Dr Indaka is nice, early thirties and speaking perfect English he’s like an eager batsman in the cricket nets – every time I tell him a symptom he goes ‘anything else, give me another one’ but I run out of topics of medical concern and my over is soon, er, over. But he’s really assiduous and discusses the massages, herbal decoctions and treatments that can help lower my blood sugar, combat stress or increase my haemoglobin – something I didn’t actually tell him was an item of recent concern at my GP’s. I’m too tired and weak to resist when he asks ‘would you like acupuncture’ and actually alarmed when it turns out to be the first of my scheduled treatments and conducted in a slightly communal hall where we’re laid on adjacent slabs as in a mortuary.
The very pretty acupuncturist beguiles me with her turn of phrase, ‘I can needle you softly’ ... oh my dear, if I gave you a list of the people who’d done that over the years, we’d be here till Christmas. Apart from one in a little finger which I moved after it was inserted, it doesn’t actually hurt but I lie there wondering why I have quite so many pins in, or rather through my ears (diamonds if you’re thinking of buying) and in my stomach.
Acupuncturist
The ones in the ears are strange, I can sense ‘things’ rushing towards the locations of the needles, and my neurological pathways seem as busy at the roads were empty. I’m tense though and glad when she comes to take them out.
And so to massage, where I’m led by the (male) masseur, a man of about forty with only a casual handful of teeth but as we start with head massage it’s obvious that he knows what he’s doing and that this really is a therapeutic rather than a cosmetic exercise. For the four-handed full body massage, he’s joined by a mumsy co-worker but her hands aren’t as strong as his and I’m going to need them to swap sides if it’s the same team tomorrow to even out the pressure. I’ve no idea how long it lasted because I was asleep, waking only for an episode when they dab at your loins with hot poultices which smelt and felt like mushroom bhajis but turn out to be cloth pads filled with boiled herbs. It’s all quite culinary though, because the copious oil smells of cumin and turmeric and when I eventually get a chance to rinse out my underpants they’re bright yellow.

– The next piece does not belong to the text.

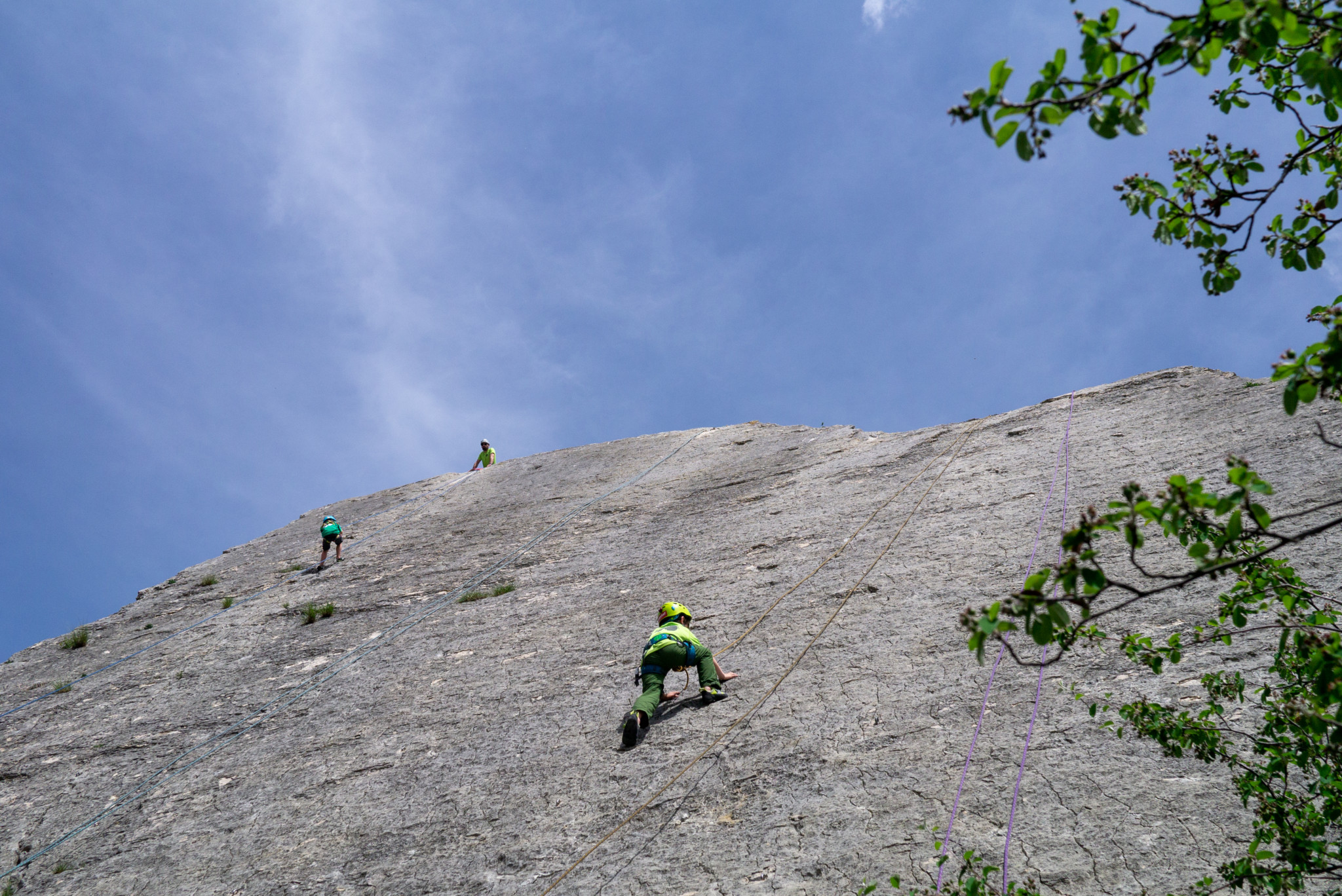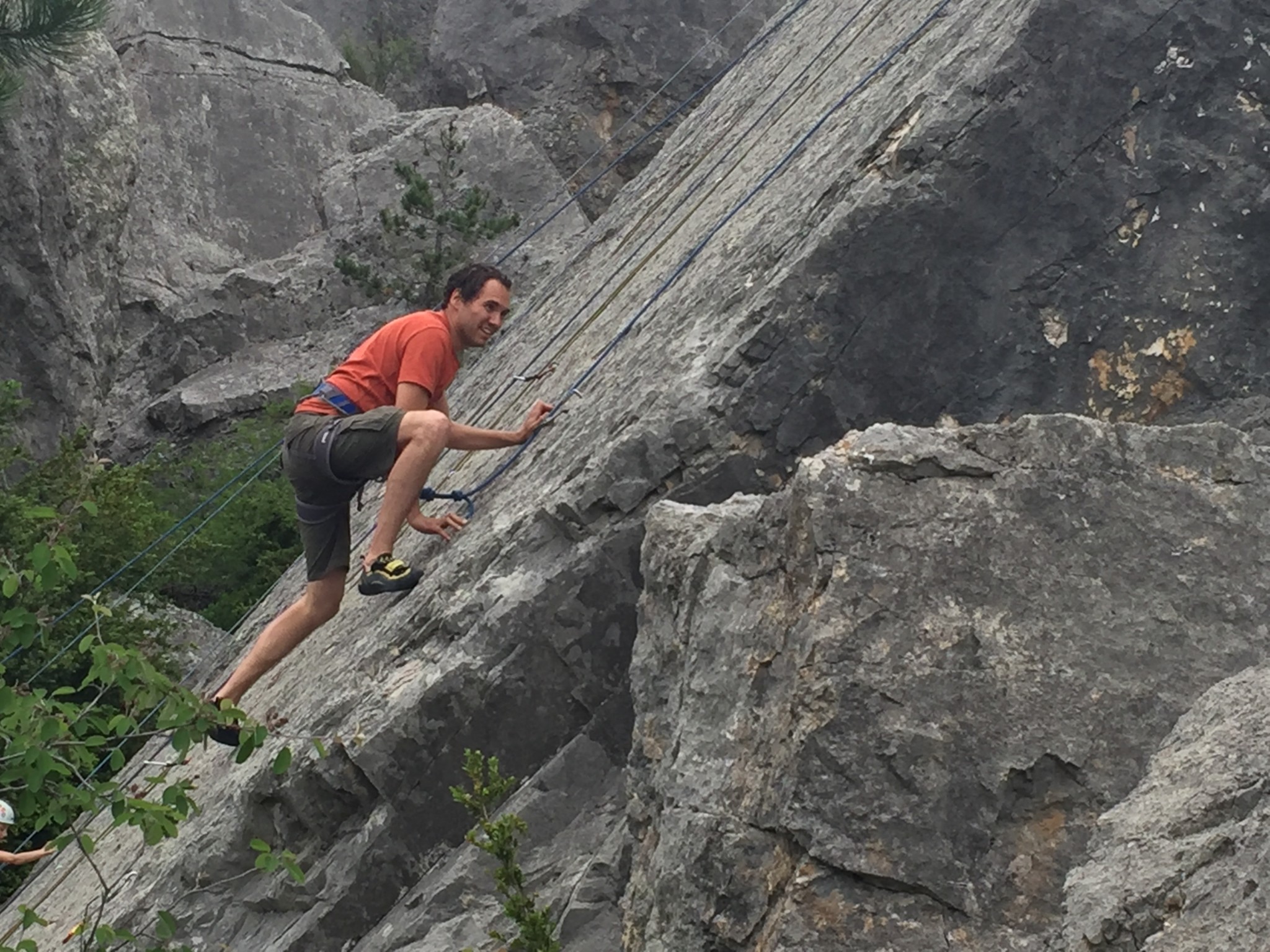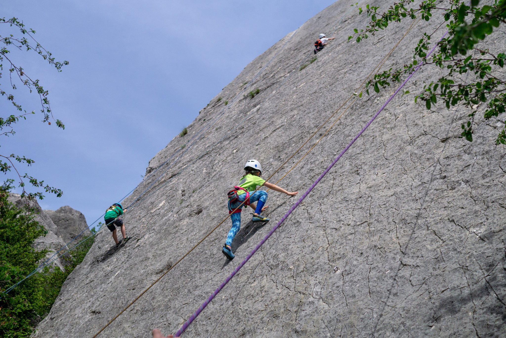 Nous nous sommes retrouvés sur le site du Claps, et nous avons commencé par quelques voies d’initiation pour les petits et les grands. Après quelques lancers de cailloux dans la Drôme, nous avons pique-niqué sous les arbres, pour s’abriter des quelques gouttes de pluie. Heureusement, la pluie s’est arrêtée et nous avons grimpé sur un autre secteur avec des voies plus longues. Les enfants n’ont pas arrêté, les adultes s’y sont essayés, les ados se sont appliqués. En fin de journée, il restait juste le temps de passer un moment dans la piscine du camping.

After that, it’s a bit of a blur – outside in a garden with running water and shady trees, someone applies poultices, hot or cold, to various joints and fatty areas, and gives me a facial with cucumber slices over my eyes before wrapping me in a gauze cloth. I’m fairly sure I’m now gigot of something on the restaurant menu but sleep claims me again. In the final phase, I have to shower whilst rubbing herbal paste into my loins before lying in a bath whilst a woman rinses me with what Lancastrians will recognise as a ‘lading can’ a lipless cylindrical metal jug holding about a litre of warm hibiscus water swished again and again and again down the lines of your haunches, flanks and rump. The last person to wash me like that was my granny, in her kitchen sink.

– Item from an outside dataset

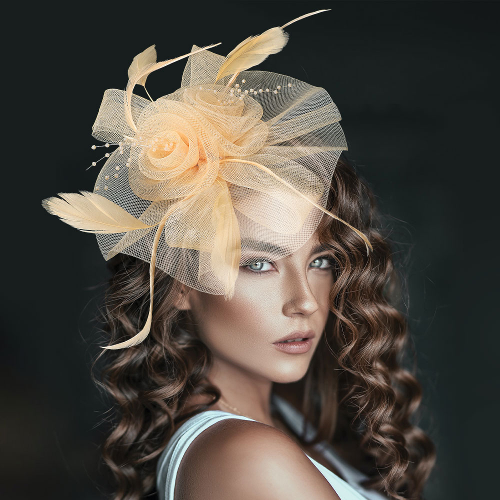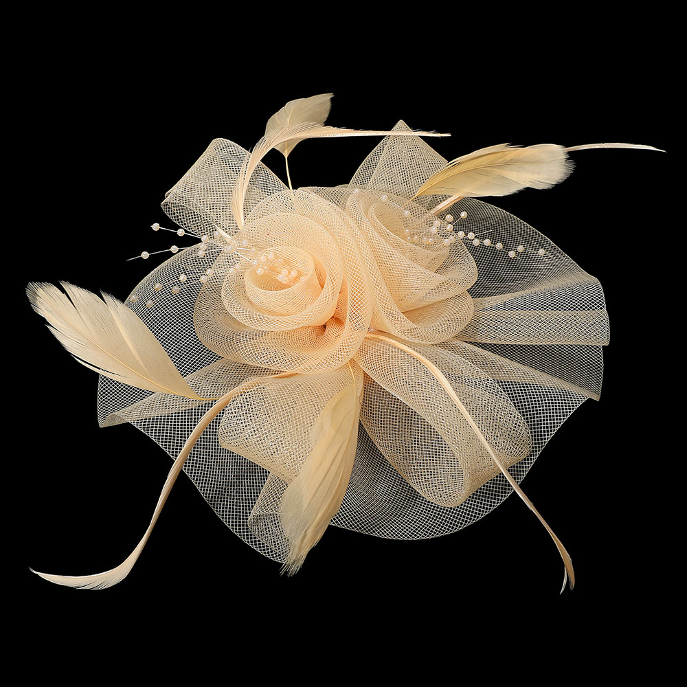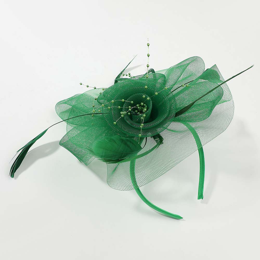 Flower Feather Pearl Mesh Bow Fascinator / Headband

I’m done in, and sleep through lunch waking only just in time to collect my medicaments from the doc. Most of the liquids look like syrup of figs, or soy sauce in clear bottles, and the pills and powders come in twists of paper marked urgently with the time to be taken. I have eleven things to be taken with warm water at various times from 6am to 9pm, most swallowed in a single disgusted chug but there’s one of powdered shale that just won’t go down without rinsing the cup out with warm water again and again.
I think it’s lurking on the night table for my 8am feed too.